“A vingança é minha” de Marie NDiaye
Fantasmas do passado e presente.
Alguns livros são difíceis de categorizar, pois navegam num mar com diferentes vagas de intensidade. A Vingança é minha (Alfaguara, 2024), de Marie NDiaye – vencedora de vários prémios internacionais como o Prémio Goncourt, o Prémio Marguerite Yourcenar ou o Austrian State Prize for European Literature – é um desses livros.
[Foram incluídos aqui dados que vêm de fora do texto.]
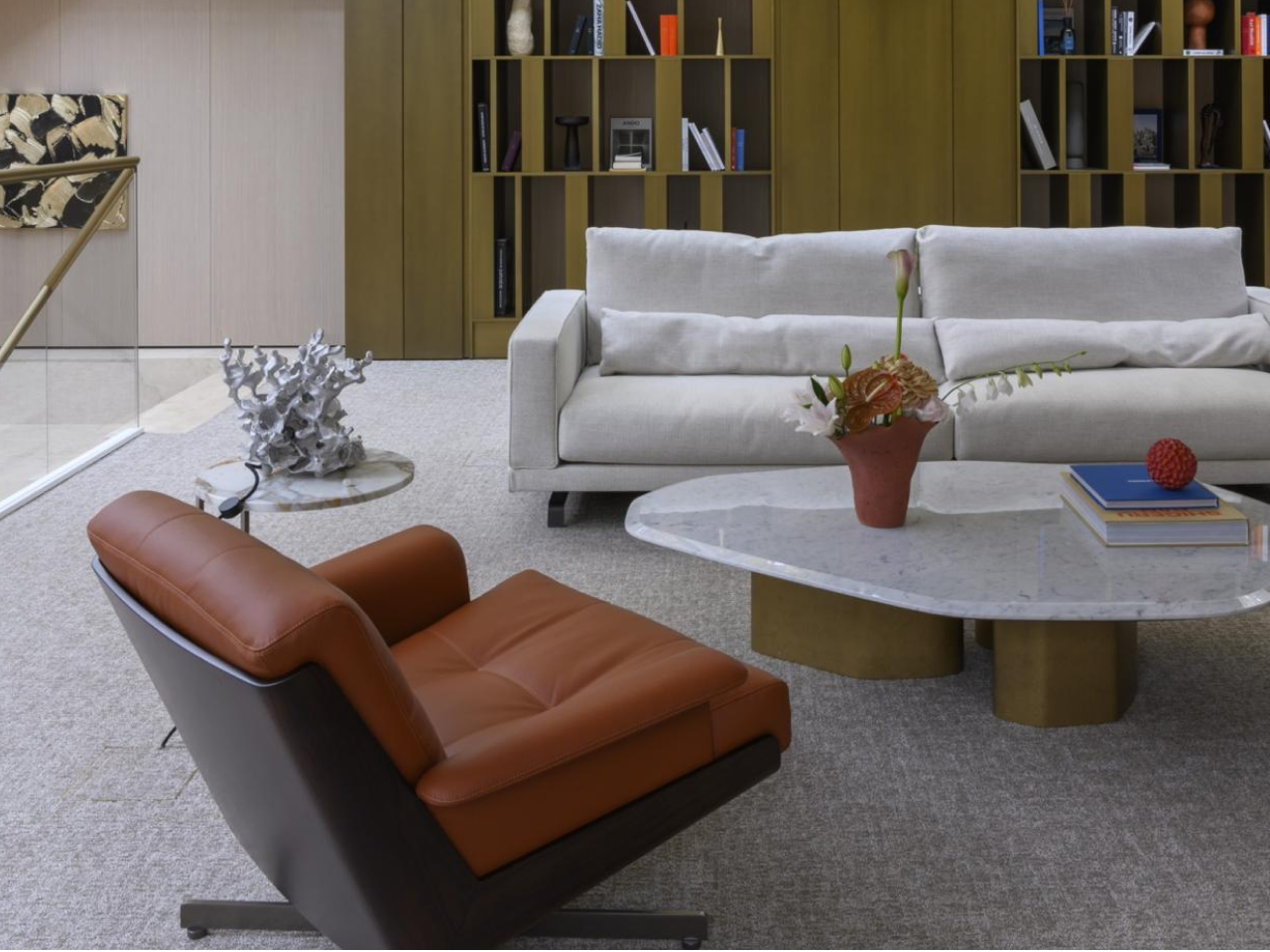 Двухуровневый офис оформлен бюро QuadroRoom и дизайнером Александрой Петуниной, известными проектами для исторических зданий и частных интерьеров. В пространстве сочетаются геометричные формы, натуральные материалы и мягкий свет, среди акцентов — латунь, мрамор и коллекционный арт. На первом этаже гостей встречает парадный ресепшен с мраморной стойкой и лаундж-зоной с библиотекой и авторскими коктейлями. На втором — переговорные и рабочие пространства команды LEGENDA.
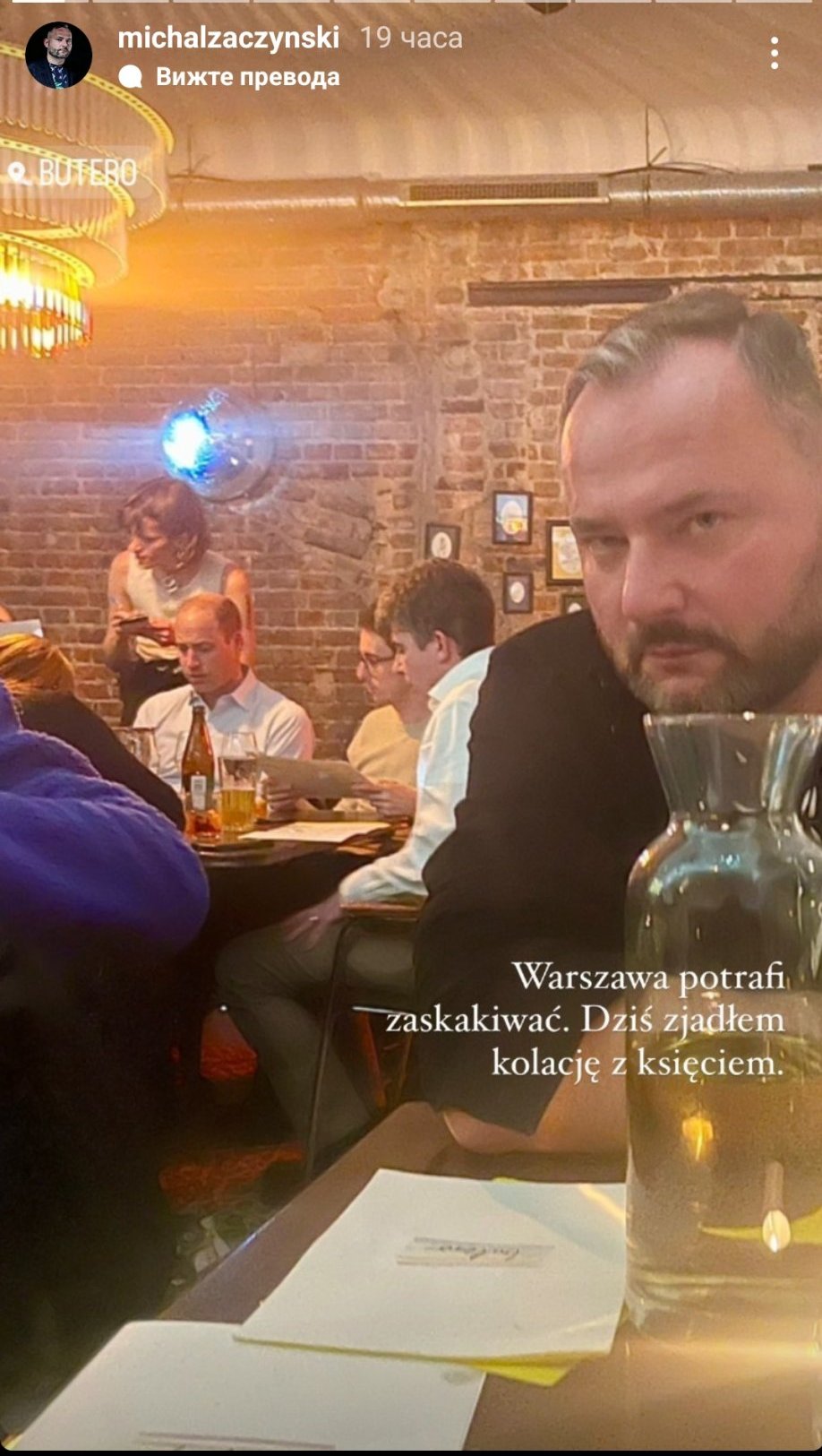 Според статията тук Уилям се е присъединил към свои служители в ресторант в Полша
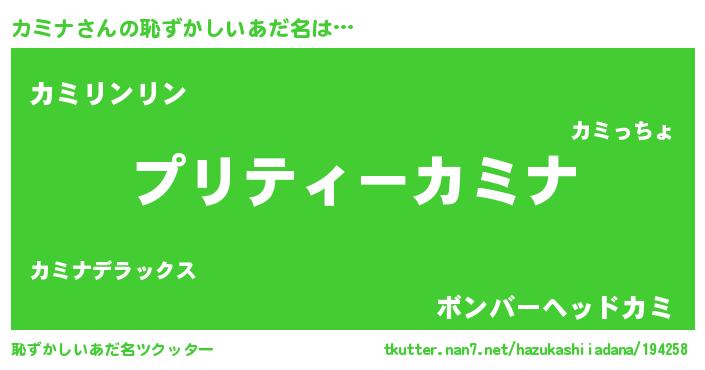 | ヒーロー風カッコイイあだ名 | 『仮面カミダー』『スーパーカミナ』 |

Se, por um lado, possui elementos de um thriller policial com contornos de suspense, mistério e intriga, também explora, e afunda(-nos), em temas como a fragilidade da memória, a identidade fraturada e, acima de tudo, a falência da condição humana. No entanto, a competência e genialidade criativa de Ndiaye consegue combinar na perfeição todos esses elementos dando lugar a uma narrativa elegante e muito bem trabalhada, ainda que difícil tais os temas que explora, deixando o leitor entre a expectativa e a repulsa, entre a compaixão e a condenação, entre a razão e o desejo de “justiça”.
No epicentro desta tempestade narrativa está Dra. Susane, uma advogada de 42 anos, tendo como pano de fundo Bordéus, e cuja vida muda quando um macabro assassinato surge no seu caminho. NDiaye, admiradora confessa de Stephen King ou Joyce Carol Oates, cria a protagonista deste livro com várias camadas de complexidade, uma mulher carente, especialmente assombrada por um profundo anseio pelo carinho da sua empregada doméstica, Sharon, uma excelente cozinheira e natural das Ilhas Maurícias, que luta pela sua legalização, contando com a ajuda da sua patroa para resolver essa situação, mas que as diferenças sociais e disparidade de classes podem ser um elemento desestabilizador, silenciosamente fraturante. Isso e o facto de Susane não saber distinguir amizade de uma relação entre patroa e empregada.
Também o relacionamento da advogada com os pais, o Sr. e a Sra. Susane, é sui generis, contraditório e à base de chantagens mais ou menos claras ou veladas. Embora se note o orgulho da família pela sua carreira jurídica, ainda que suspeitem do sucesso da mesma, seja pelo velho carro que Susane conduz ou um apartamento sofisticado e “burguês”, mas pequeno, há detalhes perturbadores de uma lembrança do passado que acelera a tensão e traz a palco sentimentos como a culpa e o carregar de um fardo com décadas de incerteza e conveniente esquecimento, o que condiciona o relacionamento entre pais e filha.
No fundo, a narrativa cresce bifurcando-se em dois mistérios: o assassinato de três crianças pela mãe, Marlyne, aparentemente excelente na sua função de progenitora, e um incidente sombrio do passado de Susane. E à medida que Susane se deixa contagiar neste duplo enigma, a sua vida entrelaça-se com a de Gilles Principaux, o pai enlutado, e marido de Marlyne, que pode ser uma figura há muito perdida na história e memória da advogada.
À medida que nos embrenhamos no livro, mais absorvidos ficamos, pois a escrita de NDiaye é contagiante, principalmente quando convidados a entrar na sua difusa memória ou nos diálogos com Gilles (sempre devoto à mulher) ou Marlyne (um ser magoado que despreza o marido) que, ao contar as suas visões da história, se confundem com monólogos intrigantes, desesperados e confessionais onde, mais do que procurar verdades, mentiras ou julgamentos, se pretende encontrar uma “lógica” para o terrível acontecimento. Há também lugar para metáforas audaciosas e imagens vívidas (por vezes, flashbacks) que criam uma experiência de leitura única, onde até os aspetos mais mundanos são transformados em momentos de profunda reflexão e obsessão. E depois há também dor, muita dor, interna, pulsante, cauterizante. Um sentimento dilacerante, profundo e intenso, que inquieta.
Muito mais do que um policial, A Vingança é minha torna o leitor refém da mente de Susane, entrando simultaneamente numa viagem pelos limites da condição humana, na tentativa de compreender a “justificação” para o mais hediondo dos atos como é o filicídio, e num exercício de meditação sobre a própria identidade, as complexidades do amor e da memória, no caso traída pela confusão de apelidos, e por um passado não esclarecido que pode ser uma prisão física e emocional quando não se encontra uma ligação, uma justificação, uma razão de vida.
Sem dúvida, um dos livros que merece estar entre os melhores do ano.